The lab is currently embroiled in its first-ever patent dispute over its “humanized” mice. In an unusual case, a Japanese firm claims the lab infringed on its patent for the immunodeficient mouse strain. Jackson Lab disputes the claim, and was surprised to be hauled into court by a fellow nonprofit research institution without even a phone call first. Jackson Lab’s lawyer, David Einhorn, was quoted in the journal Nature in June, saying “the affair is completely uncivil.” The matter is now headed for court-mandated mediation, Hewett says.

But the lab continues to move forward, and recently announced it’s looking to add 55 workers to its ranks of 1,400 in Bar Harbor. Some new positions will support promising young research scientists in the lab, while others are open to high school graduates interested in caring for and feeding the mice. The rebound is due in large part to a 10% rise in mouse sales and research services over last year, Hewett says. That’s in light of competition from for-profit mouse distributors, including Charles River of Wilmington, Mass., Taconic Farms of Hudson, N.Y., and Indianapolis-based Harlan Laboratories.

According to Hewett, a $12 million to $15 million deficit the lab had projected for this year, before revenues rose and costs were cut, is now off the table. Still, the lab’s endowment portfolio has taken a hit, dropping from just over $80 million to about $60 million today. “We’ve recovered,” he says. “Not every business line is back.”

Another boon has come in the form of grants from the National Institutes of Health, the lab’s main outside funder and a source of financing for many of the institutions that buy its mice. NIH was awarded more than $10 billion through the stimulus act, much of it for genetics research, and Jackson Lab alone has received more than $13 million for research and building construction.

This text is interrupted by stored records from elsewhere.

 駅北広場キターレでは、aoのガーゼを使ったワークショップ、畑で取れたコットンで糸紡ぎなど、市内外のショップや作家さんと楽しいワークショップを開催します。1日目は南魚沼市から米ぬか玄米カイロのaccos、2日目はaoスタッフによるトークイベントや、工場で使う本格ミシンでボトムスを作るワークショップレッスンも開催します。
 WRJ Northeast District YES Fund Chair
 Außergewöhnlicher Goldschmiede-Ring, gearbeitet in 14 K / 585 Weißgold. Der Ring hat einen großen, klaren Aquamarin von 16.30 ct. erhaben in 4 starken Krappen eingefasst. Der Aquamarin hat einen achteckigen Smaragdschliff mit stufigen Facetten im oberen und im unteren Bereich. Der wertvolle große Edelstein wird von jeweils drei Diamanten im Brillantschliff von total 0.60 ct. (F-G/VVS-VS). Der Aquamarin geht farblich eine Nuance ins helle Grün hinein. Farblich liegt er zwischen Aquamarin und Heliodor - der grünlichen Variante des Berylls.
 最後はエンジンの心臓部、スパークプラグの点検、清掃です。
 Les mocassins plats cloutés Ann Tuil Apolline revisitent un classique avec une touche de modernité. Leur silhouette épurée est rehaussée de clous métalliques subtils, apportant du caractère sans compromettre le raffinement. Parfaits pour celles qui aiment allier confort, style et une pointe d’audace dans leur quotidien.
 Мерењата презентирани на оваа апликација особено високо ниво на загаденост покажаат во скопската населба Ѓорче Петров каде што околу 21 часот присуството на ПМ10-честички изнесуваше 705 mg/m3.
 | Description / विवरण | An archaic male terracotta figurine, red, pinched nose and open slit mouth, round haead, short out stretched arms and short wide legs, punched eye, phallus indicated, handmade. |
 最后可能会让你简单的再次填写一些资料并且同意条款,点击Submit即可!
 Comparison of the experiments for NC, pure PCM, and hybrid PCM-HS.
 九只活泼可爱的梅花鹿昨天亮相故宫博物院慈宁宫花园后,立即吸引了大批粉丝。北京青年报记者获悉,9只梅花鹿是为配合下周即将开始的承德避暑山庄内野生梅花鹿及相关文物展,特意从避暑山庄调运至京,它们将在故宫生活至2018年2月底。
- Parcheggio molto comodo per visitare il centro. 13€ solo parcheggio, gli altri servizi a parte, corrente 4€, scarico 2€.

In June, the lab won $2.1 million through the Maine Technology Asset Fund to expand research space and purchase new equipment. According to lab officials, Jackson has delivered a $6 to $7 return on investment for every state dollar invested in the lab over the last five to 10 years.

Jackson Lab has its sights set beyond Maine, however, as it moves into a new era in treating human disease and suffering. The lowly lab mouse is a platform for something much, much larger. “We do research and we make discoveries and we share those discoveries with the world,” Woychik says.